Deep Dive
1. VPN Full Launch (Q1 2026)
Overview:
The Datagram VPN closed beta launched on 17 December 2025, with the full release expected in Q1 2026. This decentralized VPN uses single-hop routing and WireGuard encryption to balance privacy and speed, targeting users wary of centralized alternatives.
What this means:
This is bullish for DGRAM because it introduces a revenue-generating product tied to token utility (payments/burns). Risks include adoption hurdles against established VPNs like NordVPN.
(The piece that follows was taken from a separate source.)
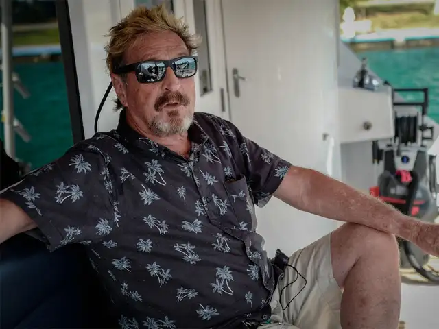 A man with a beard and mustache is wearing sunglasses, a black and blue Hawaiian shirt, and khaki shorts. He is sitting on a boat with his legs crossed, and there is a hairdryer on the boat's surface to his right. | Running for president: John McAfee wants Dr D to craft his campaign message | 450a28cfcc1d1bc68ca1f0192eea20b2e0e9afd4d100d7e47257dc27ad95d78a | 001229724403 | 0 | 0 | 41 | 13 | 0 | 0 | |

2. Token Burn Integration (Q1 2026)
Overview:
Post-VPN launch, 50% of monthly subscription revenue will fund periodic $DGRAM burns, as outlined in the tokenomics. This deflationary mechanism aims to counter initial high circulating supply (57.5% at launch).
What this means:
This is neutral-to-bullish: burns could offset sell pressure from airdrops, but effectiveness depends on VPN adoption. Burns may start small (e.g., $50k/month revenue = ~33M DGRAM burned at current $0.0015 price).
3. DePIN Ecosystem Expansion (2026)
Overview:
Datagram plans to scale its decentralized physical infrastructure network (DePIN) to “hundreds of millions of devices” (source), focusing on enterprise partnerships in AI, telecom, and IoT. No specific timeline beyond 2026.
What this means:
This is bullish long-term if executed, as enterprise adoption could stabilize demand. However, competition from Helium (HNT) and lack of detailed milestones introduce execution risk.
Conclusion
Datagram’s roadmap prioritizes product-led token utility (VPN + burns) while betting on DePIN’s enterprise potential. The next 3–6 months will test whether VPN adoption can sustainably fuel deflationary mechanics. Will decentralized infrastructure demand outpace dilution from unlocks?